Buckling restrained knee braced truss moment frame (BRKBTMF) is a novel steel structural system which combines steel trusses with buckling restrained braces (BRBs) to form an alternative seismic force resisting system. The combination of the steel trusses and the BRBs allows the BRKBTMF to have large interior opening without the need to provide ductile detailing for the steel trusses. This makes the design very efficient and economical. More importantly, through the use of BRBs as the designated energy dissipation devices, the damage is controlled within the BRBs, which can be replaced easily after the earthquake. This will drastically reduce the structural damage, repair cost and repair time which makes this structure more efficient and resilient towards future earthquakes.
Figure 1: Plan and elevation view of BRKBTMF
BRB Angle Study:
In this study, a modification of the performance-based plastic design (PBPD) procedure was derived to design the member sizes of the BRKBTMF. Parameter study was conducted, by varying the inclination of BRBs, to optimize the initial construction cost and expected financial loss during the maximum credible earthquake shaking. A prototype 4-story office building located in Berkeley, California, Unite States, was selected for this study. State-of-the-art site-specific hazard analysis, finite element models, damaged fragility models were used to evaluate the seismic performance of the BRKBTMF with different BRB inclinations. The result shows excellent seismic performance in the proposed BRKBTMF, where the structure is able to satisfy both the drift and force limits. The parameter study shows the design forces in the steel trusses are not affected by the inclination of the BRB. On the other hand, the design forces in the BRBs and columns increase as the inclination of the BRB becomes more horizontal. This results to larger column sizes, hence higher initial construction costs. The cost of the BRB is not significantly affected by the inclination of the BRB. This is because as the BRB inclination becomes more horizontal, the cross sectional area of the BRB increases, but the length of the BRB decreases. The results of the nonlinear dynamic analysis show the peak dynamic responses (peak inter-story drift and floor acceleration) of the BRKBTMF is very similar among the different BRB inclinations.

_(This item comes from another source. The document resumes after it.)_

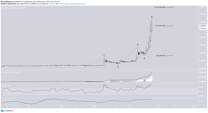 Le NPXS s’est accru de manière considérable depuis le 23 décembre 2020, date à laquelle il s’échangeait à un creux de 0,0001546$. Jusqu’à présent, il a augmenté de 1 900%, atteignant un cours record de 0,0031$ le 22 février. Cette hausse a conduit le NPXS au 86ème rang des cryptomonnaies en termes de capitalisation boursière.

This shows the proposed PBPD design methodology is very effective in designing the BRKBTMF. The detailed parameter study also shows that the BRB strain is the lowest when the BRB inclination is around 30 or 90 degree. As the BRB inclination gets closer to 60 degree (using the geometry presented in this study), at the same inter-story drift demand, the axial strain demand in the BRB is the highest. This results to high degree of damage to the BRBs, which translates to the highest degree of structural damages and financial losses during the maximum credible earthquake shaking. Hence, it is recommended that optimal choices of BRB inclination are either horizontal or connecting directly to the end of the columns.
Keywords: Performance-based design; plastic design; innovative system; structural optimization; buckling restrained brace
Figure 2: Variation of the BRB inclination